= What needs to be done =
From the first line down to the line containing "32,121,266.91 | 19,518 ...", print the records below exactly, leaving every picture out.

= Data under study =
---*---
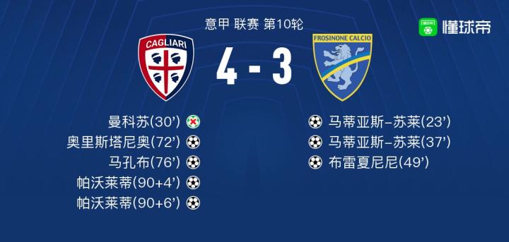 北京时间10月29日意甲 联赛 第10轮,卡利亚里主场对阵弗罗西诺内。卡利亚里奥里斯塔尼奥破门,马孔布破门,帕沃莱蒂梅开二度。弗罗西诺内马蒂亚斯-苏莱梅开二度,布雷夏尼尼破门。最终比分4-3。
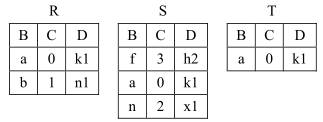 由关系R和S通过运算得到关系T,则所使用的运算为
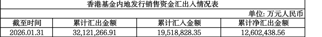 【导读】新一批香港互认基金获批 中国基金报记者获悉,摩根亚洲股票高息基金、富达环球投资基金——香港债券基金、华夏精选人民币投资级别收益基金、太平大中华新动力股票基金等 香港互认基金获批。这也是《香港互认基金管理规定》自2025年1月1日实施后获批的新一批互认基金。 新规后最新一批 香港互认基金是指在港设立、运作和公开销售,并经中国证监会注册在内地公开销售的单位信托、互惠基金或者其他形式的集体投资计划。 2015年5月22日,中国证监会与香港证监会就开展内地与香港基金互认工作正式签署《关于内地与香港基金互认安排的监管合作备忘录》。开闸10年多以 来,基金互认机制发展势头向好。 国家外汇管理局的数据显示,截至2026年1月底,香港基金内地发行销售资金累计净汇出金额约为1260.24亿元,连续6个月位于1200亿元之上。 | | | 香港基金内地发行销售资金汇出入情况表 | | | --- | --- | --- | --- | | | | | 单位: 万元人民币 | | 截至时间 | 累计汇出金额 | 累计汇人金额 | 累计净汇出金额 | | 2026.01.31 | 32,121,266.91 | 19,518 ...
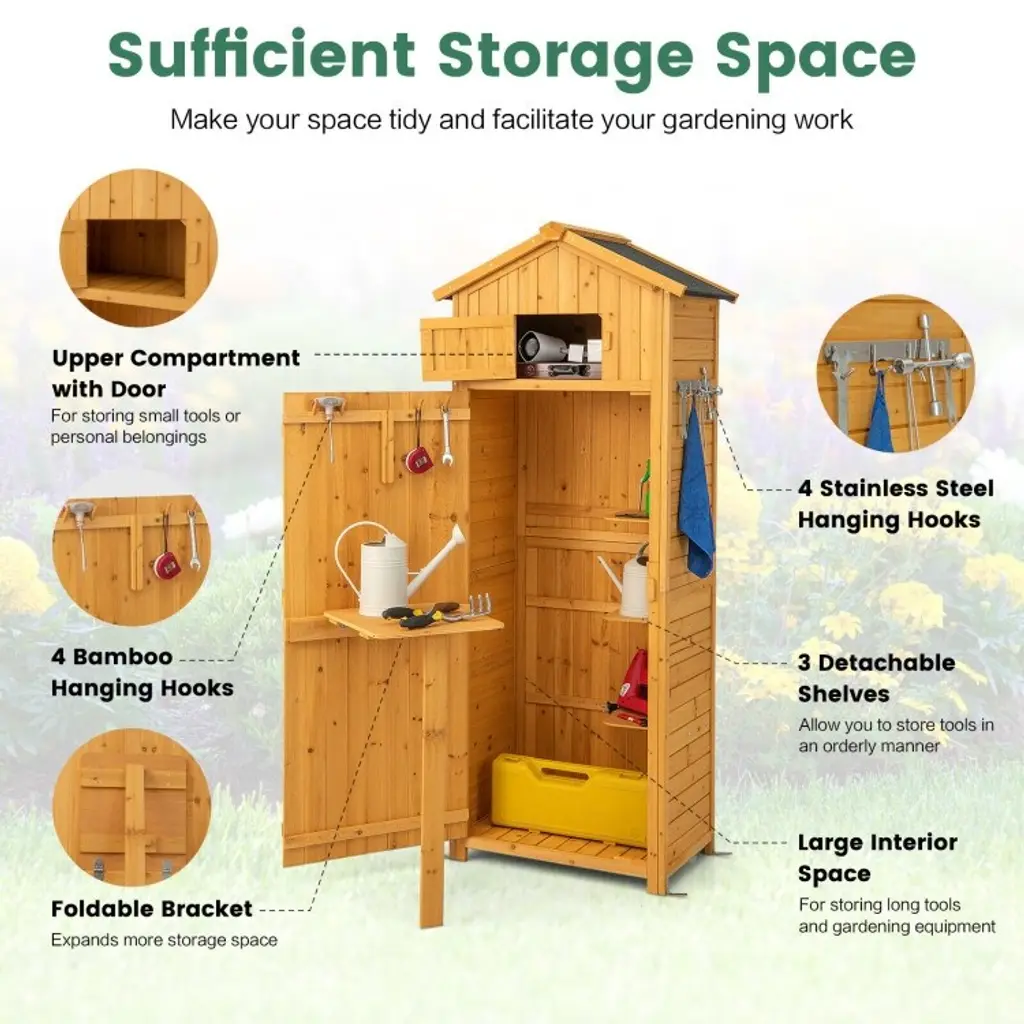 SpecificationsKey Features● Practical Garden Shed: This outdoor wooden storage shed measures 29.5" x 20" x 71" (L x W x H), which is perfect for organizing messing items without taking up much floor space. It is ideal for storing various tools and accessories. Moreover, with the one-piece folding table, it can also be used as a workbench to take care of plants. ● Sufficient Storage Space: This multifunctional garden shed provides classified storage areas to make your space tidy and facilitate your gardening work. It is equipped with an upper compartment with door, 3 detachable shelves, a foldable table for storing small items, and a large interior space for large tools. Moreover, there exist 4 bamboo hanging hooks and 4 stainless steel hanging hooks for easy access to gadgets. ● Weatherproof Design: This outdoor storage shed adopts a weatherproof asphalt roof, which can effectively protect the shed from rain, wind, and sunlight. And the slope design avoids water accumulation. Besides, the elevated bottom helps keep items away from moisture and dust. ● Stable Structure and Lockable Doors: The doors are connected to the wooden frame by rustproof stainless steel hinges, ensuring long-term outdoor use. And the garden shed can be firmly fixed on the ground by 4 metal brackets for good stability. In addition, it is equipped with convenient wooden latches to lock the doors, ensuring safety. ● Solid Wood Material: The raised garden bed is crafted with selected fir wood, which is characterized by high hardness and deformation resistance, ensuring excellent durability. And the wooden surface is coated with waterproof painting, ensuring great weather resistance.
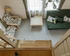 На первом этаже расположена зона отдыха, а также спальная зона с двуспальной кроватью.
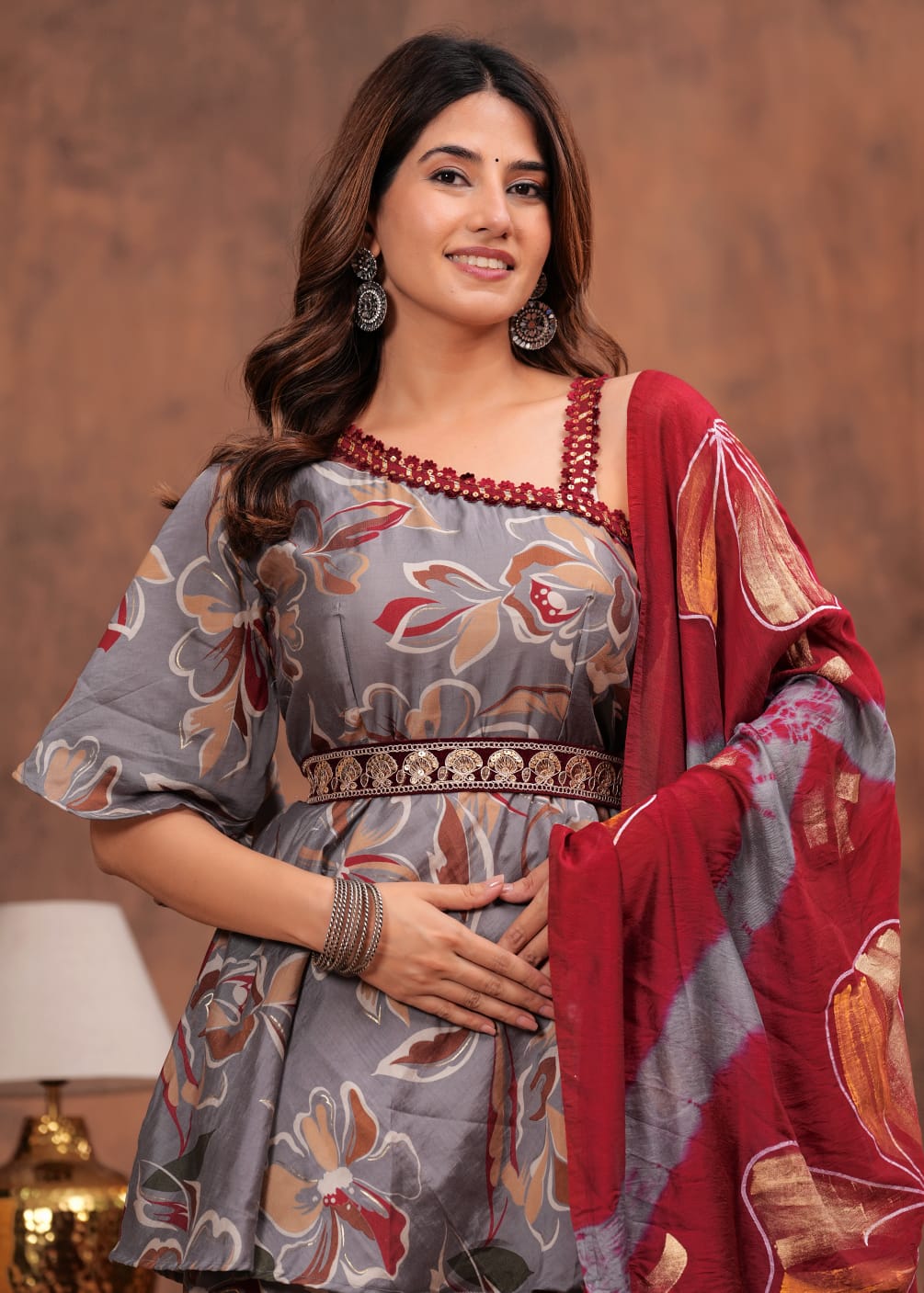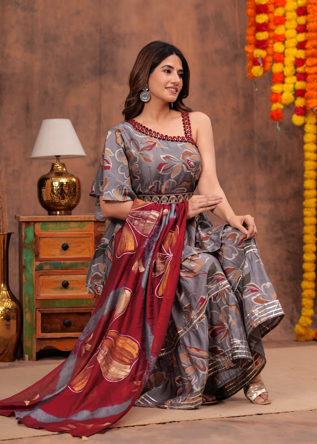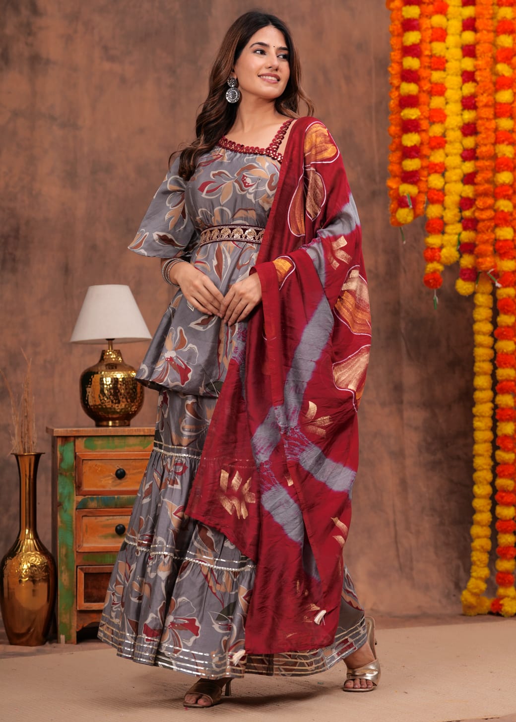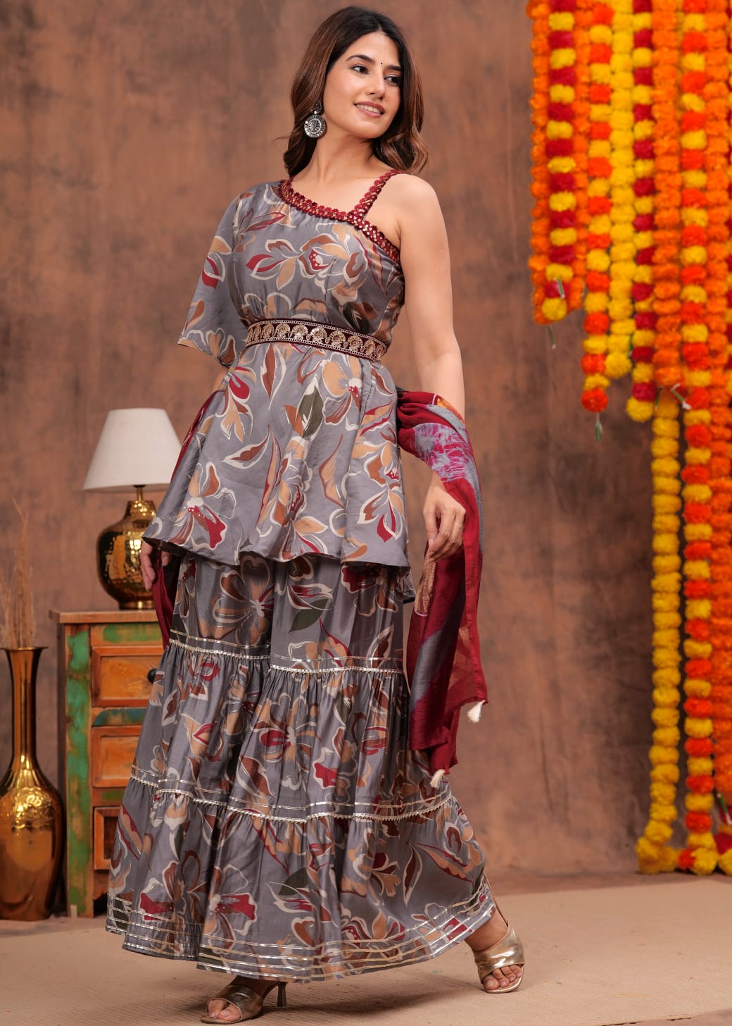 • Work: Floral Print, Heavy Gota Patti Work on Kurti Sharara
---*---
= Answer space =
 北京时间10月29日意甲 联赛 第10轮,卡利亚里主场对阵弗罗西诺内。卡利亚里奥里斯塔尼奥破门,马孔布破门,帕沃莱蒂梅开二度。弗罗西诺内马蒂亚斯-苏莱梅开二度,布雷夏尼尼破门。最终比分4-3。
 由关系R和S通过运算得到关系T,则所使用的运算为
 【导读】新一批香港互认基金获批 中国基金报记者获悉,摩根亚洲股票高息基金、富达环球投资基金——香港债券基金、华夏精选人民币投资级别收益基金、太平大中华新动力股票基金等 香港互认基金获批。这也是《香港互认基金管理规定》自2025年1月1日实施后获批的新一批互认基金。 新规后最新一批 香港互认基金是指在港设立、运作和公开销售,并经中国证监会注册在内地公开销售的单位信托、互惠基金或者其他形式的集体投资计划。 2015年5月22日,中国证监会与香港证监会就开展内地与香港基金互认工作正式签署《关于内地与香港基金互认安排的监管合作备忘录》。开闸10年多以 来,基金互认机制发展势头向好。 国家外汇管理局的数据显示,截至2026年1月底,香港基金内地发行销售资金累计净汇出金额约为1260.24亿元,连续6个月位于1200亿元之上。 | | | 香港基金内地发行销售资金汇出入情况表 | | | --- | --- | --- | --- | | | | | 单位: 万元人民币 | | 截至时间 | 累计汇出金额 | 累计汇人金额 | 累计净汇出金额 | | 2026.01.31 | 32,121,266.91 | 19,518 ...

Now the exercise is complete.